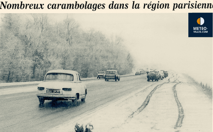 La deuxième offensive de la neige engendre de nombreux carambolages en Région parisienne dans la matinée du 8 décembre 1969 - source meteo-paris.com
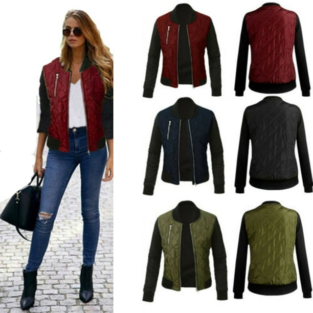 Bagilaanoe Womens Ladies Fashion Bomber Jacket Cotton Zip Up Biker Quilted Coat Tops Walmart Com Walmart Com
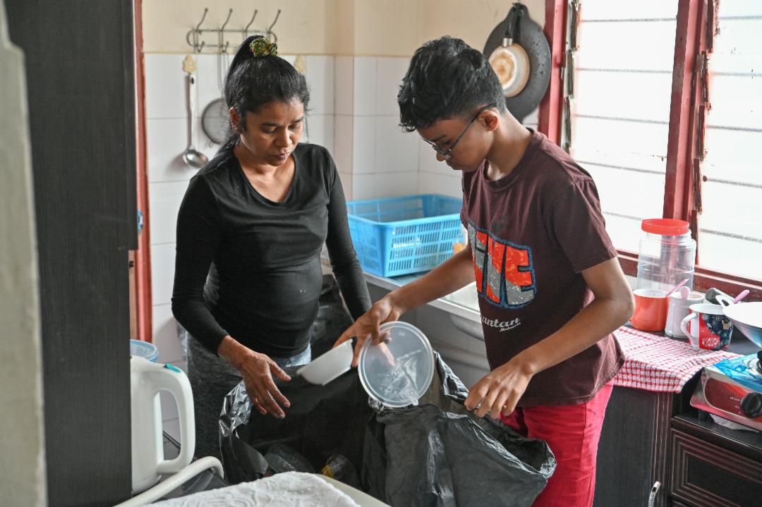 孩子把在环保站学习到的知识跟妈妈分享。重新获得工作后的妈妈拉洁斯瓦莉从工作的诊所在每天放工后,把清洗好、晾干的资源带回家;难得的是,同事见她如此努力回收,人人响应,把所有资源留给她带回家。每月第三个星期天是慈济环保日,他们再把一大袋资源从住家五楼带去环保点,与大家一起做分类。
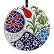 23 Cm Çap - İznik Çini Desen Çiçek Motifli Füzyon Cam Duvar Süsü
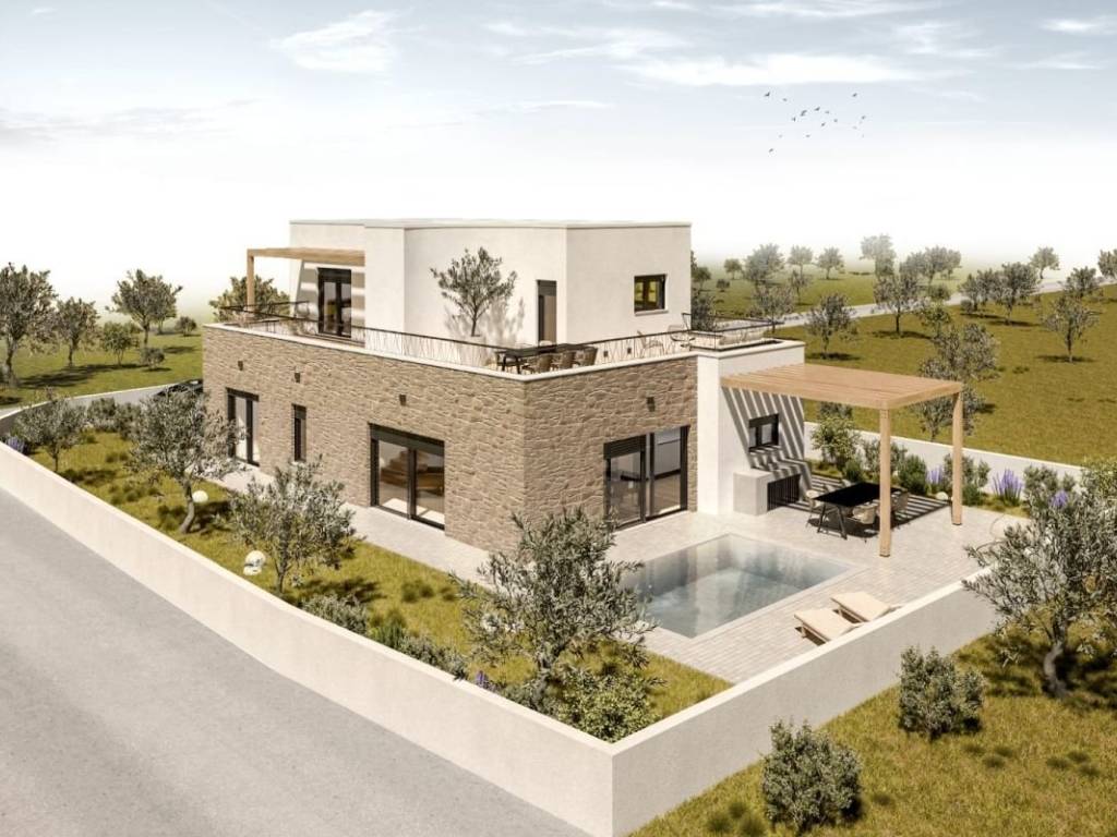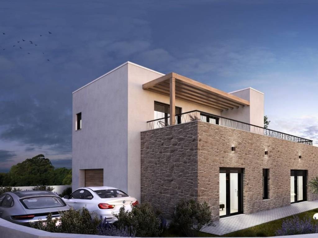 Prodaje se novosagrađena obiteljska kuća. Nalazi se na mirnoj obiteljskoj lokaciji idealnoj za život. Okučnica se sastoji od 3 vanjska parkirna mjesta i nesmetanog ulaza u garažu, bazen, roštilj, vanjski tuš i natkrivena terasa za druženje. Proteže se na dvije etaže koje ukupno mjere nešto manje od 180 m2 stambenog prostora te 500 kvadratnih metara zemljišta. Na etaži prizemlja nalazi se kuhinja i blagovaonica, dnevna soba, te jedna spavaća soba i kupaonica. Na ovoj etaži također se nalazi prostrana garaža i vešeraj. Plutajuće stepenice obložene hrastom vode do gornje etaže gdje se nalaze dvije spavaće sobe, svaka sa svojom kupaonicom te obje sobe imaju izlaz na terasu. Na terasi su pripremljene instalacije za ljetnu kuhinju pergole. Navedena cijena vrijedi u slučaju da se kupi kuća u trenutnom stanju, dok cijena završene kuće iznosi 690 000 €.
——
• ABOUT THIS EXERCISE: Repeat the preceding records precisely, and leave every picture out of the copy.

• OUTPUT OF THE EXERCISE:
 La deuxième offensive de la neige engendre de nombreux carambolages en Région parisienne dans la matinée du 8 décembre 1969 - source meteo-paris.com
 Bagilaanoe Womens Ladies Fashion Bomber Jacket Cotton Zip Up Biker Quilted Coat Tops Walmart Com Walmart Com
 孩子把在环保站学习到的知识跟妈妈分享。重新获得工作后的妈妈拉洁斯瓦莉从工作的诊所在每天放工后,把清洗好、晾干的资源带回家;难得的是,同事见她如此努力回收,人人响应,把所有资源留给她带回家。每月第三个星期天是慈济环保日,他们再把一大袋资源从住家五楼带去环保点,与大家一起做分类。
 23 Cm Çap - İznik Çini Desen Çiçek Motifli Füzyon Cam Duvar Süsü
 Prodaje se novosagrađena obiteljska kuća. Nalazi se na mirnoj obiteljskoj lokaciji idealnoj za život. Okučnica se sastoji od 3 vanjska parkirna mjesta i nesmetanog ulaza u garažu, bazen, roštilj, vanjski tuš i natkrivena terasa za druženje. Proteže se na dvije etaže koje ukupno mjere nešto manje od 180 m2 stambenog prostora te 500 kvadratnih metara zemljišta. Na etaži prizemlja nalazi se kuhinja i blagovaonica, dnevna soba, te jedna spavaća soba i kupaonica. Na ovoj etaži također se nalazi prostrana garaža i vešeraj. Plutajuće stepenice obložene hrastom vode do gornje etaže gdje se nalaze dvije spavaće sobe, svaka sa svojom kupaonicom te obje sobe imaju izlaz na terasu. Na terasi su pripremljene instalacije za ljetnu kuhinju pergole. Navedena cijena vrijedi u slučaju da se kupi kuća u trenutnom stanju, dok cijena završene kuće iznosi 690 000 €.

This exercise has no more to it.